Thomas R. Cupps

Corticosteroid-mediated immunoregulation in man.

Glucocorticoids have profound and complex effects on the human immune response. However, the precise mechanisms of the corticosteroid-induced immunoregulation in man have not been precisely defined. Intracytoplasmic corticosteroid-specific receptors appear to be an important common pathway for steroid-induced changes, but variations of receptor parameters do not account for the multifaceted effects on the immune system. Human circulating mononuclear cells redistribute out of the intravascular compartment following treatment with corticosteroids. Although certain components at this redistribution phenomenon have been well-characterized, the importance of this compartmental cellular shift with respect to the mechanisms of corticosteroid-induced immunoregulation are less well-defined.

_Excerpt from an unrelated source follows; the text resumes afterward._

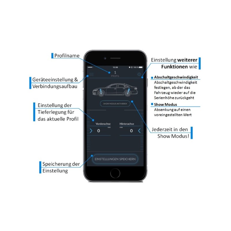 Con l'ultimo modulo Active Suspension Control, puoi abbassare individualmente il tuo veicolo con sospensioni pneumatiche tramite l'app. Il funzionamento è assolutamente intuitivo, facile da capire e chiaro. Alcune funzioni aggiuntive sono disponibili con l'app gratuita: Funzioni standard - Puoi ancora gestire le tue sospensioni pneumatiche tramite il Lamborghini MMI, vengono semplicemente abbassate o alzate del valore di modifica desiderato. Profili di guida Lamborghini - Puoi assegnare il tuo abbassamento o alzata a seconda della modalità di guida. Puoi utilizzare l'APP per impostare la velocità di spegnimento alla quale il tuo veicolo torna all'altezza standard o mantiene l'abbassamento impostato. Modalità Show - Se necessario, le sospensioni pneumatiche possono essere abbassate a un valore preimpostato utilizzando la modalità Show. Installazione: L'installazione è molto semplice: il modulo è collegato ed è pronto per l'uso. I profili di guida originali possono essere utilizzati anche per regolare le sospensioni pneumatiche. L'auto viene quindi abbassata o alzata del valore di modifica desiderato. Compatibilità: L'Active Suspension Control è compatibile con tutte le versioni di motore della Lamborghini Urus dal 2018. Note Il sistema viene fornito senza perizia e pertanto non è omologato nell'area del StVZO. Adatto solo per veicoli con sospensioni pneumatiche standard Si consiglia l'installazione da parte di un'officina specializzata con piattaforma elevatrice Nonostante i collegamenti plug & play, il lavoro richiede circa 2 ore. Informazioni sul produttore Informazioni sul produttore BAR-TEK BAR-TEK Motorsport GmbH Im Rauschen Auel 3, 51491 Overath-Brombach, Germania info@bar-tek.com 2.0 TFSI (EA888) | CAEA | 180 hp (133 kW) 2.0 TFSI (EA888) | CDNC | 211 hp (155 kW) 2.0 TFSI (EA888) | CAEB | 211 hp (155 kW) 2.0 TFSI (EA888 Gen. 3) | CNCD | 225 hp (165 kW) 2.0 TDI (EA189) | CGLD | 163 hp (120 kW) 3.0 TDI (EA896G2) | CLAB | 204 hp (150 kW) 3.0 TDI (EA896G2) | CDUC | 245 hp (180 kW) 2.9 V6 TFSI (EA839) | DECA | 450 hp (331 kW) 2.0 TFSI (EA888) | CAEA | 180 hp (133 kW) 2.0 TFSI (EA888) | CDNC | 211 hp (155 kW) 2.0 TFSI (EA888) | CAEB | 211 hp (155 kW) 2.0 TFSI (EA888 Gen. 3) | CNCD | 225 hp (165 kW) 3.0 TFSI (EA837) | CREC | 333 hp (245 kW) 2.9 V6 TFSI (EA839) | DECA | 450 hp (331 kW) 2.0 TFSI (EA888) | CESA | 211 hp (155 kW) - CA and USA 2.0 TFSI (EA888) | CUHA | 220 hp (162 kW) - CA and USA 2.0 TFSI (EA888) | CYPA | 252 hp (185 kW) 2.0 TFSI (EA888) | CYNB | 252 hp (185 kW) 3.0 TFSI (EA837) | CGWB | 300 hp (220 kW) 3.0 TFSI (EA837) | CGWD | 310 hp (228 kW) 3.0 TFSI (EA837) | CGXB | 310 hp (228 kW) 3.0 TFSI (EA837) | CREC | 333 hp (245 kW) 4.0 TFSI (EA824) | CEUC | 420 hp (309 kW) 4.0 TFSI (EA824) | CTGE | 450 hp (331 kW) 4.0 TFSI (EA824) | CRDB | 560 hp (412 kW) 4.0 TFSI (EA824) | CWUC | 605 hp (445 kW) 2.0 TDI (EA189) | CGLE | 136 hp (100 kW) 2.0 TDI (EA189) | CGLD | 163 hp (120 kW) 2.0 TDI (EA189) | CMGB | 177 hp (130 kW) 3.0 TDI (EA896G2) | CLAA | 204 hp (150 kW) 3.0 TDI (EA896G2) | CLAB | 204 hp (150 kW) 3.0 TDI (EA896G2) | CDUC | 245 hp (180 kW) 3.0 TDI (EA896G2) | CDUD | 245 hp (180 kW) 3.0 TDI (EA896G2) | CGQB | 313 hp (230 kW) 3.0 TDI (EA896G2) | CVUA | 320 hp (235 kW) 3.0 TDI (EA896G2) | CVUB | 326 hp (240 kW) 3.0 TDI (EA897 evo) | CZVF | 190 hp (140 kW) 3.0 TDI (EA897 evo) | CRTE | 218 hp (160 kW) 3.0 TDI (EA897 evo) | CZVA | 218 hp (160 kW) 3.0 TDI (EA897 evo) | CZVB | 218 hp (160 kW) 3.0 TDI (EA897 evo) | CRTD | 272 hp (200 kW) 2.0 TFSI (EA888 Gen. 3) | DLBA | 245 hp (180 kW) 2.0 TFSI (EA888 Gen. 3) | DLG | 252 hp (185 kW) 2.9 V6 TFSI (EA839) | DEZA | 450 hp (331 kW) 3.0 V6 TFSI (EA839) | DLZA | 340 hp (250 kW) 4.0 V8 TFSI (EA825) | DJPB | 600 hp (441 kW) 2.0 TDI (EA288 evo) | DFBA | 204 hp (150 kW) 3.0 TDI (EA897 evo2) | DDVE | 231 hp (170 kW) 3.0 TDI (EA897 evo2) | DDVB | 286 hp (210 kW) 3.0 TDI (EA897 evo2) | CVU | 349 hp (257 kW) 3.0 TFSI (EA837) | CGWD | 310 hp (228 kW) 3.0 TFSI (EA837) | CGXB | 310 hp (228 kW) 3.0 TFSI (EA837) | CREC | 333 hp (245 kW) 4.0 TFSI (EA824) | CEUC | 420 hp (309 kW) 4.0 TFSI (EA824) | CTGE | 450 hp (331 kW) 4.0 TFSI (EA824) | CRDB | 560 hp (412 kW) 4.0 TFSI (EA824) | CWUC | 605 hp (445 kW) 3.0 TDI (EA896G2) | CLAA | 204 hp (150 kW) 3.0 TDI (EA896G2) | CLAB | 204 hp (150 kW) 3.0 TDI (EA896G2) | CDUC | 245 hp (180 kW) 3.0 TDI (EA896G2) | CDUD | 245 hp (180 kW) 3.0 TDI (EA896G2) | CGQB | 313 hp (230 kW) 3.0 TDI (EA896G2) | CVUA | 320 hp (235 kW) 3.0 TDI (EA896G2) | CVUB | 326 hp (240 kW) 3.0 TDI (EA897 evo) | CZVF | 190 hp (140 kW) 3.0 TDI (EA897 evo) | CRTE | 218 hp (160 kW) 3.0 TDI (EA897 evo) | CZVA | 218 hp (160 kW) 3.0 TDI (EA897 evo) | CZVB | 218 hp (160 kW) 3.0 TDI (EA897 evo) | CRTD | 272 hp (200 kW) 4.0 V8 TFSI (EA825) | CWWB | 571 hp (420 kW) 2.0 TFSI (EA888) | CDNC | 211 hp (155 kW) 2.0 TFSI (EA888) | CAEB | 211 hp (155 kW) 2.0 TFSI (EA888) | CNCD | 225 hp (165 kW) 3.0 TDI (EA896G2) | CDUD | 245 hp (180 kW) 3.0 TDI (EA896G2) | CGQB | 313 hp (230 kW) 3.0 TDI (EA896G2) | CVUB | 326 hp (240 kW) 3.0 TDI (EA897 evo) | CRTE | 218 hp (160 kW) 4.0 V8 TFSI (EA825) | 550 hp (405 kW) / 3633 1418

Recent observations that activated lymphocytes may be sensitive to the lytic effects of glucocorticoids suggest that under certain situations the elimination of selected subsets of cells may be a relevant mechanism of corticosteroid-mediated immunoregulation in man. Corticosteroid-mediated effects on monocyte function may be an important mechanism of drug-induced immunoregulation in monocyte-dependent responses. In some experimental conditions, corticosteroids inhibit Interleukin 1 production by monocytes. The immunoregulatory effects of corticosteroids on lymphocyte immune responses are complex. In vitro corticosteroids appear to selectively affect early immunoregulatory events as opposed to altering an established response. Multiple sites of steroid-induced modulations of human B cell responses have been defined.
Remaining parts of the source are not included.